#### Data under study ####
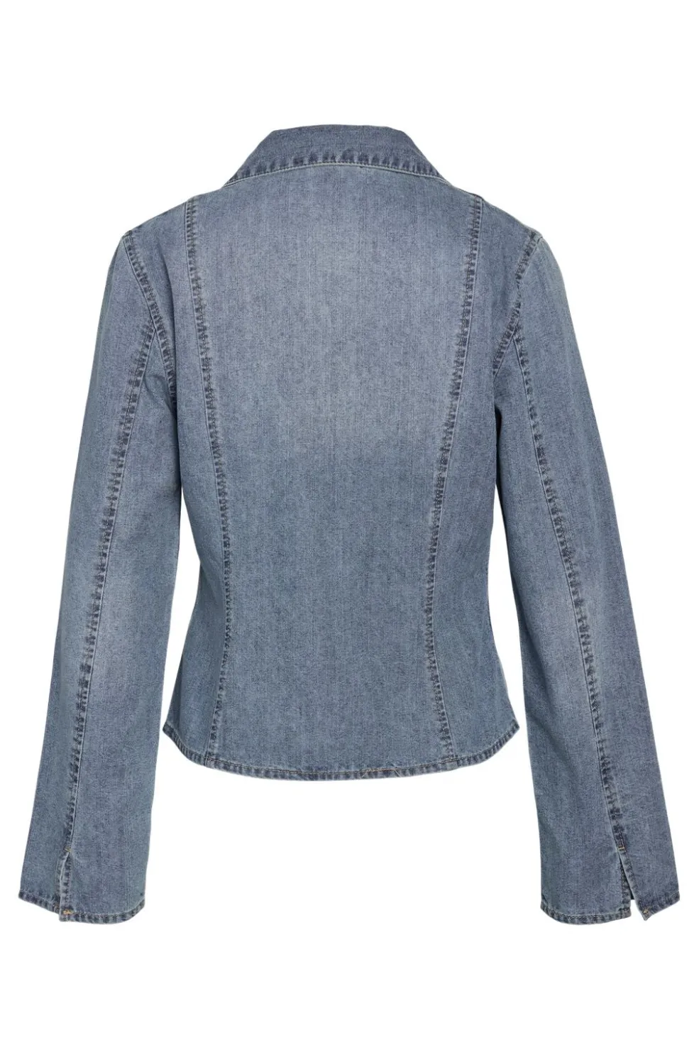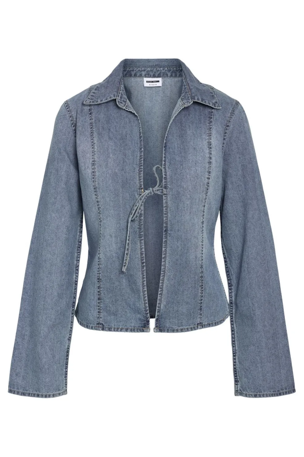 Denimskjorte fra Noisy May i lys blå denim. Skjorten har dekorative syninger og sløjfer samt en snor til lukning foran.
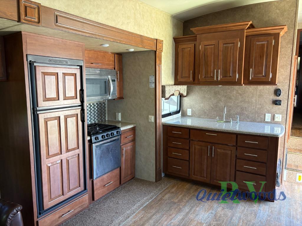 As you enter the fifth wheel, to the left is a slide with a dinette and sofa. The rear wall has an entertainment center. There is an additional slide with two lounge chairs, refrigerator, three burner range, and microwave. You will also find the double kitchen sink along one wall with counter space surrounding the sink.
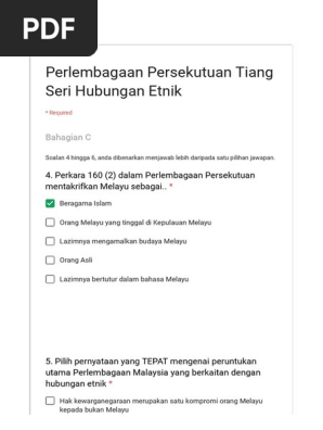 Bincangkan empat 4 cabaran yang boleh menjejaskan. Fasal 2 perkara 153 perlembagaan persekutuan malaysia memperuntukkan ydpa bertanggungjawab untuk melindung kedudukan istimewa orang melayu dan kaum bumiputera di sabah dan sarawak dengan menentukan perizaban kepada mereka seperti biasiswa bantuan dan keistimewaan keistimewaan pelajaran dana lain lain kemudahan pelajaran yang diadakan oleh kerajaan persekutuan. Menurut dalam pelembagaan malaysia bahawa islam adalah agama rasmi kepada negara ini tetapi amalan agama lain juga turut dibenarkan untuk dipraktis menurut muhammad raqib dan adnan 2014 119. Perlembagaan buktikan tiga 3 bentuk kerjasama antara pelbagai etnik di malaysia menjelang kemerdekaan.
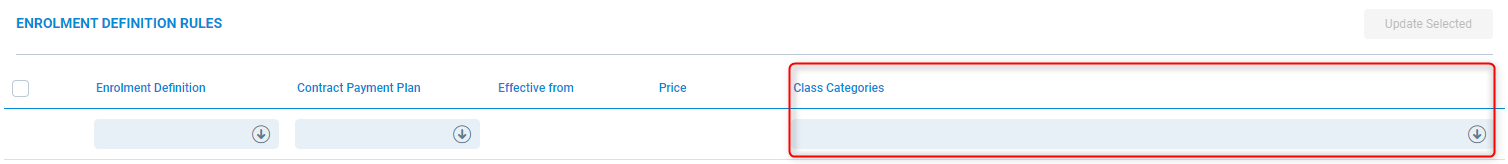 Class Categories - Choose the class categories of the above enrolment rules/payment plans you want to increase.
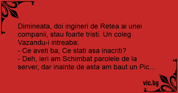 - Deh, ieri am Schimbat parolele de la server, dar inainte de asta am baut un Pic...
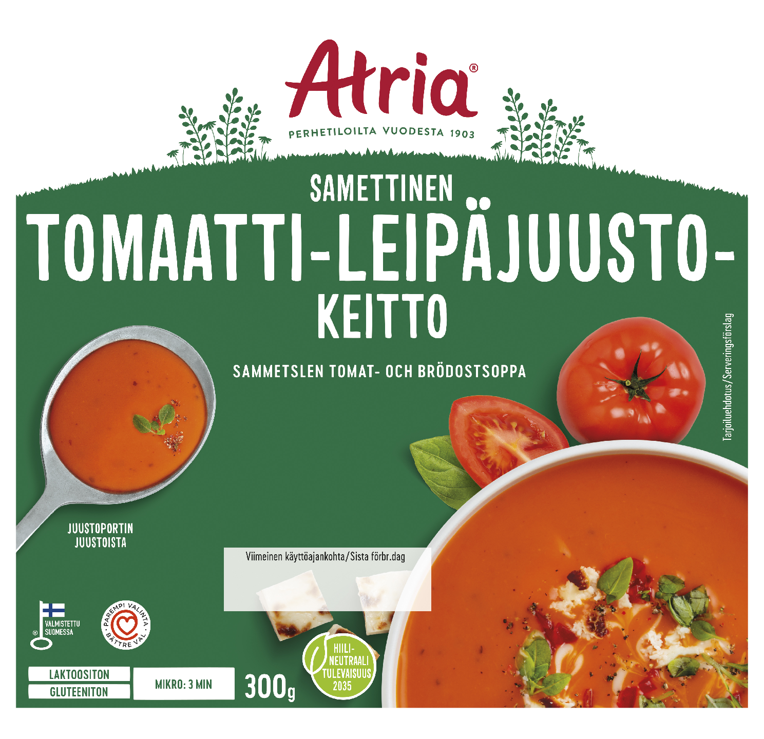 Tomaatti-leipäjuustokeitto on samettisen pehmeä valmiskeitto, josta saa kätevän lounaan tai pienen nälän päivällisen. Atrian Samettisessa Tomaatti-Leipäjuustokeitossa on käytetty suomalaisen Juustoportin leipäjuustoa. Tomaatti-leipäjuustokeitto lämmitetään kätevästi mikroaaltouunin kestävässä annosrasiassa, lämmitystä varten poistetaan vain foliokansi. Tomaatti-leipäjuustokeitto on laktoositon ja gluteeniton, eikä se sisällä lihaa, joten keitto sopii myös kasvissyöjälle. Lämmitetyn tomaatti-leipäjuustokeiton voi koristella tuoreella basilikalla tai lehtipersiljalla.
####
_Task requirements_: Repeat verbatim the lines between the start of the data and the line containing "As you enter", both ends included, omitting all pictures.

_Result_:
 Denimskjorte fra Noisy May i lys blå denim. Skjorten har dekorative syninger og sløjfer samt en snor til lukning foran.
 As you enter the fifth wheel, to the left is a slide with a dinette and sofa. The rear wall has an entertainment center. There is an additional slide with two lounge chairs, refrigerator, three burner range, and microwave. You will also find the double kitchen sink along one wall with counter space surrounding the sink.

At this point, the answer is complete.